Angry area cops join protest at UMass
BY DAVID LINTON SUN CHRONICLE STAFF
Saturday, November 14, 2009 1:27 AM EST
Appearance of speaker with ties to terrorist group draws ire
Area police joined about 300 officers from across the state Thursday night at the University of Massachusetts to protest the appearance of a speaker tied to a domestic terror group responsible in the early 1980s for the murder of a New Jersey state trooper and a shootout with state police in North Attleboro.
The police officers stood in the cold outside a building at the state college's Amherst campus for more than two hours to protest the appearance of Pat Levasseur, the former wife of Raymond Luc Levasseur.
The Levasseurs were members of the United Freedom Front, a domestic terror group responsible for the 1981 killing of New Jersey State Trooper Philip Lamonaco during a traffic stop and a shootout in 1982 with two Massachusetts state troopers in the rest area on Interstate 95 in North Attleboro.
After a week of controversy, Raymond Luc Levasseur, 60, of Maine, was denied permission from the U.S. Parole Commission to travel to Amherst to speak.
However, his former wife and co-defendant in a 1989 sedition trial held in Springfield, was scheduled to speak to students about the sedition trial and social change, along with lawyers from the defense team and a juror.
Mansfield Police Sgt. Larry Crosman and Attleboro Detective Sgt. Arthur Brillon were among a group of 15 area police officers who drove by bus to the join the law enforcement contingent protesting the forum and supporting Lamonaco's widow, Donna, and her daughter outside the building.
"I fully respect everyone's right to freedom of speech. But personally, I find it insulting that a state college is being used as a platform for his ideology," said Brillon, who carried a sign that read "Cop Killers Not Welcome Here."

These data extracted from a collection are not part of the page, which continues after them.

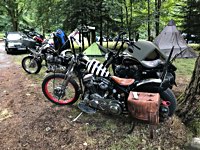The pine trees were shivering when the pack of Harleys rolled up to that hidden blockhouse deep in the Black Forest. A small circle of friends had asked a slightly larger circle of friends to their notoriously delirious decibel extravaganza … in short HRW. Erm, that’s supposed to mean Hard! Rocking! Weekend! The concept is in the name: Friday the electric guitars were screaming over the beergarden tables from canned recordings, later to be replaced by live bands, giving an even harder push to the wrenching talk.
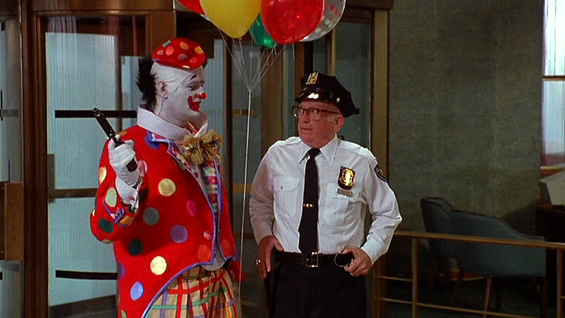 Grimm (Bill Murray), a burnt-out New Yorker, has devised an ingenious plan to escape the city he hates so much; dressed as a clown, he robs a Manhattan bank and cleverly escapes disguised as a hostage along with his accomplices, girlfriend Phyllis and best friend Loomis. However, whilst robbing the bank was comparatively straight-forward and easy, the getaway quickly turns into a nightmare, as the relatively simple act of getting to the airport to catch a flight becomes a tangled ordeal of obstructions, including confused roadworkers, conmen, mobsters, bureaucratic bus-drivers and a cabbie who doesn't speak a word of English. And all the while Rotzinger, the equally world-weary but relentless Chief of Police, is doggedly on their tail. |
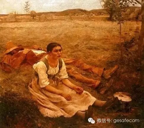 那因“垛草”而劳累过度躺在草地上酣睡的农夫,他好像刚刚吃过妻子送来的饭,用草帽盖着脸正在享受着这片刻的轻松;年轻体壮的少妇默默的坐在丈夫的身边,长期生活的艰难使她显得疲惫不堪,神色已变得象老年人一样呆滞而默然……
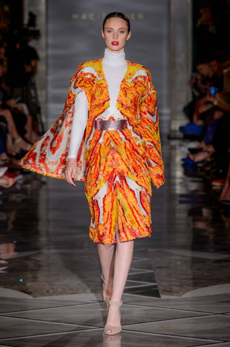 Podczas pokazu, który odbył się 12 czerwca br. w Teatrze Wielkim w Warszawie, zaprezentowano 34 sylwetki, które zachwyciły kolorami i bogatymi zdobieniami. Nie zabrakło charakterystycznych dla projektanta haftów oraz kryształków Swarovskiego. Wśród materiałów użytych w kolekcji dominowały jedwabie, żakardy, zwiewne muśliny, kaszmir czy wysokogatunkowe ekologiczne futra.
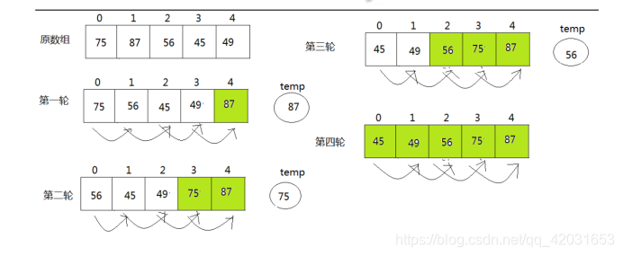3) 如果前一个元素大于后一个元素,则使用第三变量交换

"We're here standing next to his widow and his daughter and we're standing with hundreds of state police, police officers and police chiefs," said Crosman, who carried as sign that read "Shame on UMass."
"They chose to protest by blowing up courthouses and killing a trooper. But we're protesting here the right way," Crosman said.
Now a carpenter, Raymond Luc Levasseur was convicted in 1986 for bombings to protest U.S. backing of South African apartheid and right-wing death squads in Central America. He served 18 years of a 45-year sentence, and was paroled in 2004.
In 1982, two members of the United Freedom Front were involved in a shootout with two Massachusetts State Troopers at the rest area on I-95 in North Attleboro.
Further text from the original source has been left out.